What the task asks >>
In the entries below, spot each line with the word "size" and copy it.
Supplied records below:
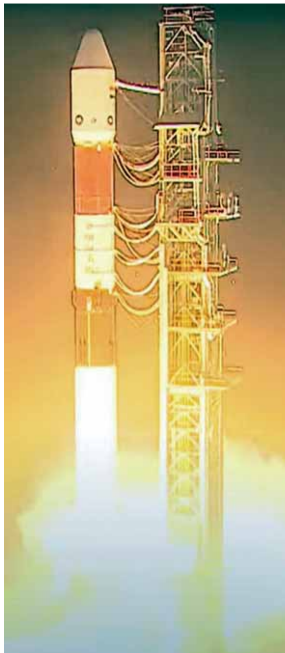
ISRO's PSLV-C60 carrying SpaDeX and its payloads, lifts off from the first launch pad at Satish Dhawan Space Centre, in Sriharikota.
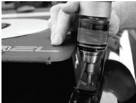
Figure 10 Secure AirDek to vehicle
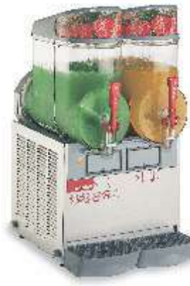
MT 2 GL
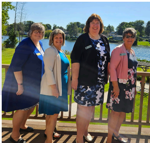
Ct. Père Le Moyne #733, Fulton, 100th Anniversary, September 16
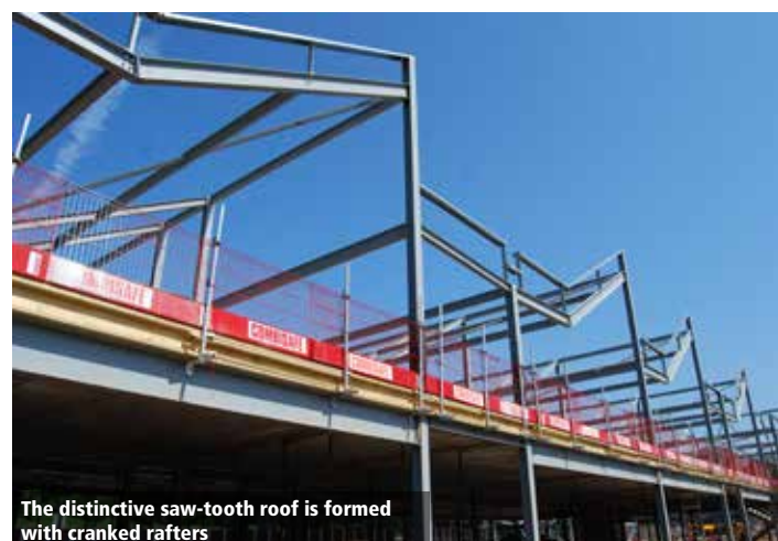
The distinctive saw-tooth roof is formed with cranked rafters
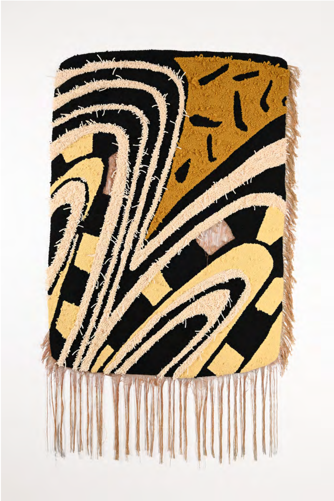
Big Egg , 2024 Wool on linen 220 x 130 cm $ 5,750
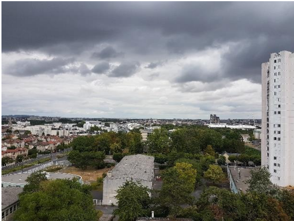
View from the Paul Fort residence

EUROPA-UNIVERSITÄT VIADRINA FRANKFURT (ODER)
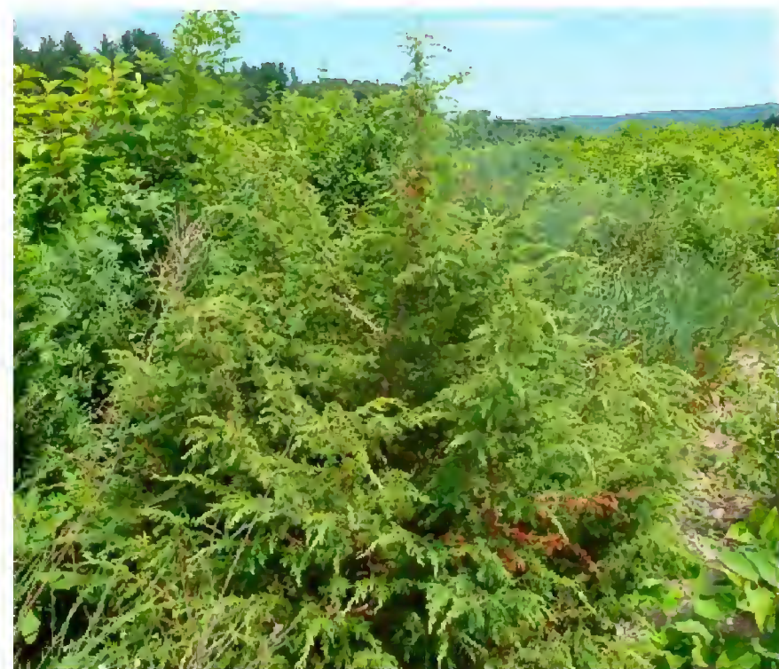
Fig. 11. var. depressa , Charlemont Isl., Deerfield River, MA
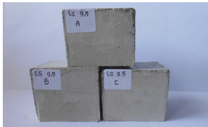
Figure 1. Concrete with nickel slag (aggregate size:9.50 mm) as aggregate.

The raw materials including Portland's cement, sand, water and nickel slag (grain size: 9.50 mm) were mixed together according to SNI 04-1972-1990 composition for making high-quality K-350 concrete (compressive strength value: 31.20 MPa). The paste then molds into three cubes with dimension (5 \times 5 \times 5) cm 3 is shown in Figure 1 and let them dried. All of the concrete then cured by dipping into the water for seven days according to SNI 03-2847-2002. The same procedure was repeated by varying the aggregate size of nickel slag at 5.60 mm, 2.36 mm and 2.00 mm also the combination of those fourth aggregate size (9.50 mm, 5.60 mm, 2.36 mm and 2.00 mm). The compressive strength test of concrete was carried out according to ASTM C39M-01 using universal testing machine controller ( Testometric ) and then characterized using SEM-EDS ( Tescan Vega3 ) to investigate surface morphology and the interface zone.
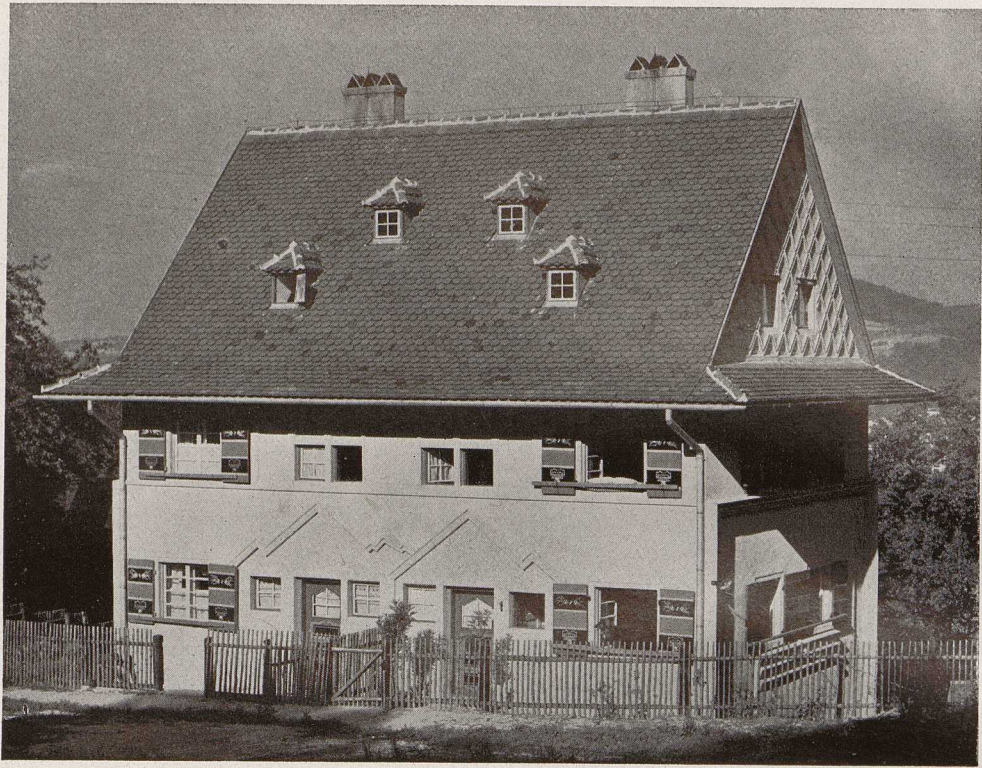
Siedlungsdoppelhaus der Baugenossenschaft „Familie“, Linz, Römerbergsiedlung. 1925
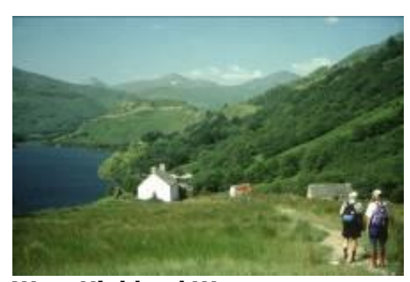
West Highland Way

Price is US$3290 per person and US$3000 for non-riders. This is based upon a group of 7 to 10 people. Airfares to and from Kathmandu are not included and would be about $1500 including tax.
End of Supplied records.
Written reply >>
Figure 1. Concrete with nickel slag (aggregate size:9.50 mm) as aggregate.
The raw materials including Portland's cement, sand, water and nickel slag (grain size: 9.50 mm) were mixed together according to SNI 04-1972-1990 composition for making high-quality K-350 concrete (compressive strength value: 31.20 MPa). The paste then molds into three cubes with dimension (5 \times 5 \times 5) cm 3 is shown in Figure 1 and let them dried. All of the concrete then cured by dipping into the water for seven days according to SNI 03-2847-2002. The same procedure was repeated by varying the aggregate size of nickel slag at 5.60 mm, 2.36 mm and 2.00 mm also the combination of those fourth aggregate size (9.50 mm, 5.60 mm, 2.36 mm and 2.00 mm). The compressive strength test of concrete was carried out according to ASTM C39M-01 using universal testing machine controller ( Testometric ) and then characterized using SEM-EDS ( Tescan Vega3 ) to investigate surface morphology and the interface zone.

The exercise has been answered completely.